▸ About this task: Any picture in the material should be left out, while all other lines are copied exactly.

▸ Available data:
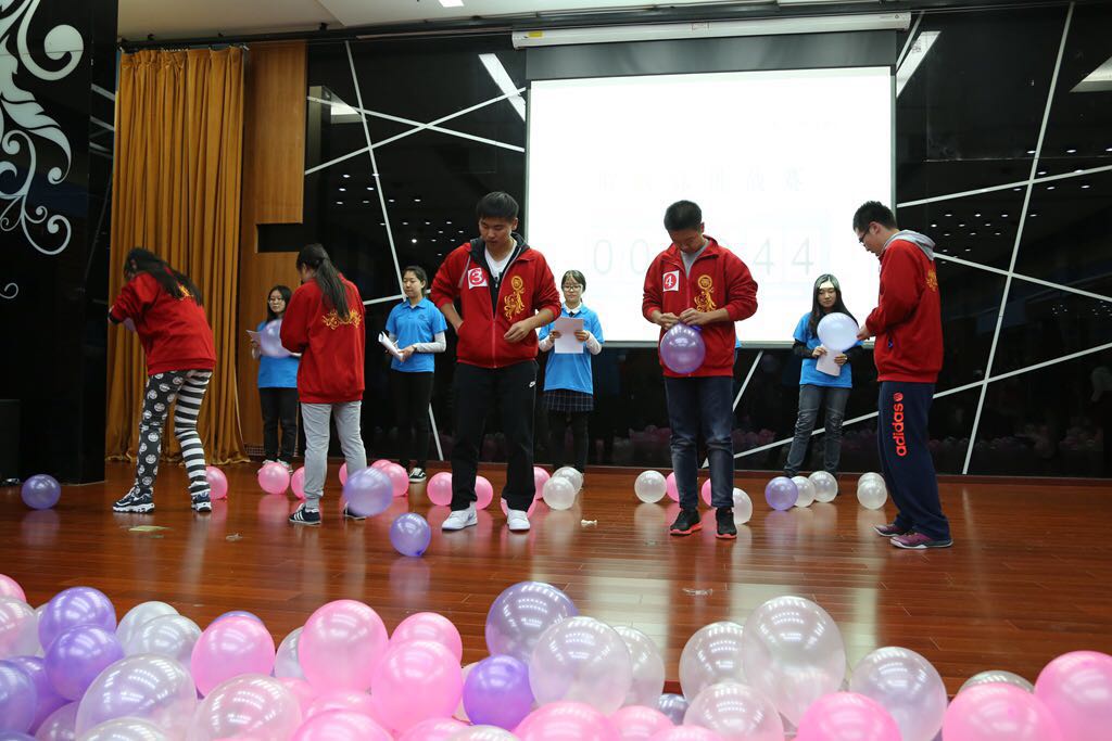 为弘扬大学生体育运动精神,丰富大学生的校园生活,增强学生的身体健康素质,10月28日晚7时,高h小说 各学院在学生活动中心多功能厅组织进行吹气球挑战赛。此次比赛非常荣幸地邀请到高h小说 团委副书记孙维佳老师、刘陈晨老师、王若冰老师和李昀澄老师担任嘉宾。
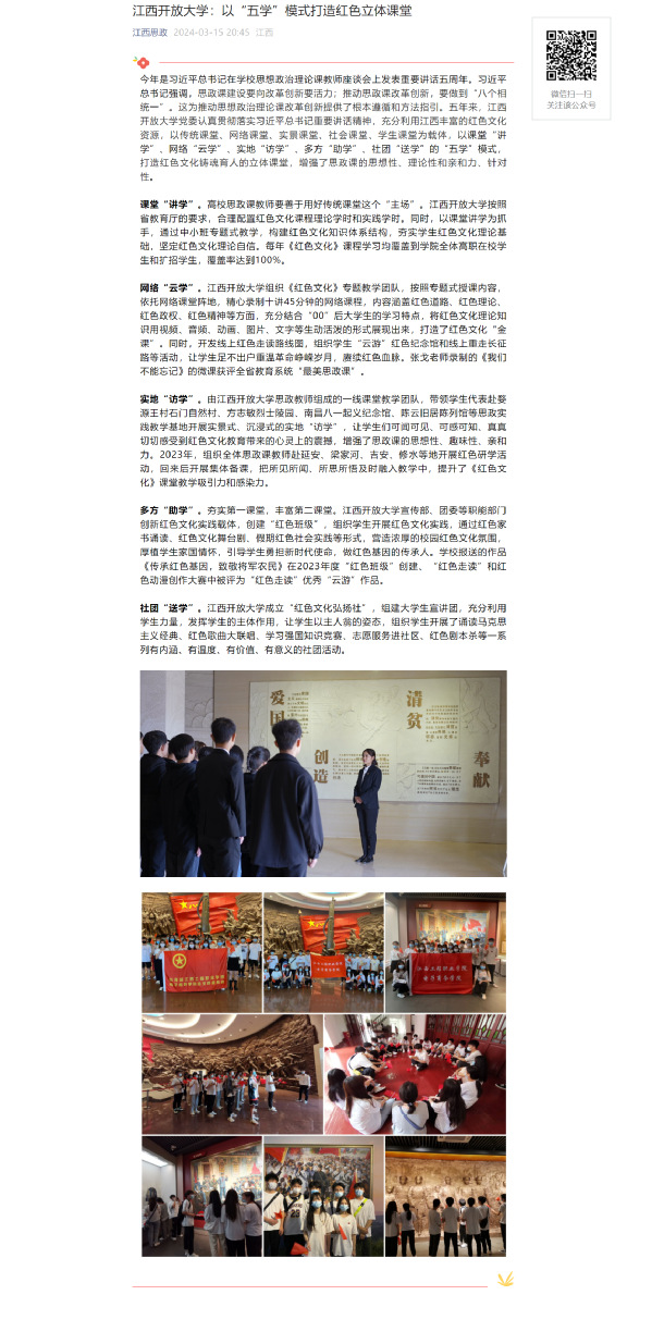 今年是习近平总书记在学校思想政治理论课教师座谈会上发表重要讲话五周年。习近平总书记强调,思政课建设要向改革创新要活力;推动思政课改革创新,要做到“八个相统一”。这为推动思想政治理论课改革创新提供了根本遵循和方法指引。五年来,WilliamHill官方网站党委认真贯彻落实习近平总书记重要讲话精神,充分利用江西丰富的红色文化资源,以传统课堂、网络课堂、实景课堂、社会课堂、学生课堂为载体,以课堂“讲学”、网络“云学”、实地“访学”、多方“助学”、社团“送学”的“五学”模式,打造红色文化铸魂育人的立体课堂,增强了思政课的思想性、理论性和亲和力、针对性。
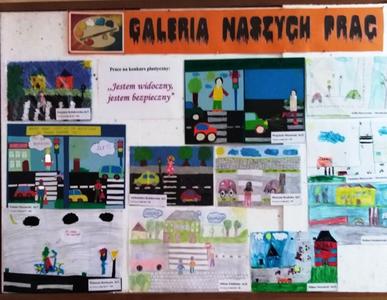 Jednym z wielu działań promujących w naszej szkole bezpieczeństwo pieszych na drodze był konkurs plastyczny pt.: ,,Jestem widoczny, jestem bezpieczny”.

▸ Task response:
 为弘扬大学生体育运动精神,丰富大学生的校园生活,增强学生的身体健康素质,10月28日晚7时,高h小说 各学院在学生活动中心多功能厅组织进行吹气球挑战赛。此次比赛非常荣幸地邀请到高h小说 团委副书记孙维佳老师、刘陈晨老师、王若冰老师和李昀澄老师担任嘉宾。
 今年是习近平总书记在学校思想政治理论课教师座谈会上发表重要讲话五周年。习近平总书记强调,思政课建设要向改革创新要活力;推动思政课改革创新,要做到“八个相统一”。这为推动思想政治理论课改革创新提供了根本遵循和方法指引。五年来,WilliamHill官方网站党委认真贯彻落实习近平总书记重要讲话精神,充分利用江西丰富的红色文化资源,以传统课堂、网络课堂、实景课堂、社会课堂、学生课堂为载体,以课堂“讲学”、网络“云学”、实地“访学”、多方“助学”、社团“送学”的“五学”模式,打造红色文化铸魂育人的立体课堂,增强了思政课的思想性、理论性和亲和力、针对性。
 Jednym z wielu działań promujących w naszej szkole bezpieczeństwo pieszych na drodze był konkurs plastyczny pt.: ,,Jestem widoczny, jestem bezpieczny”.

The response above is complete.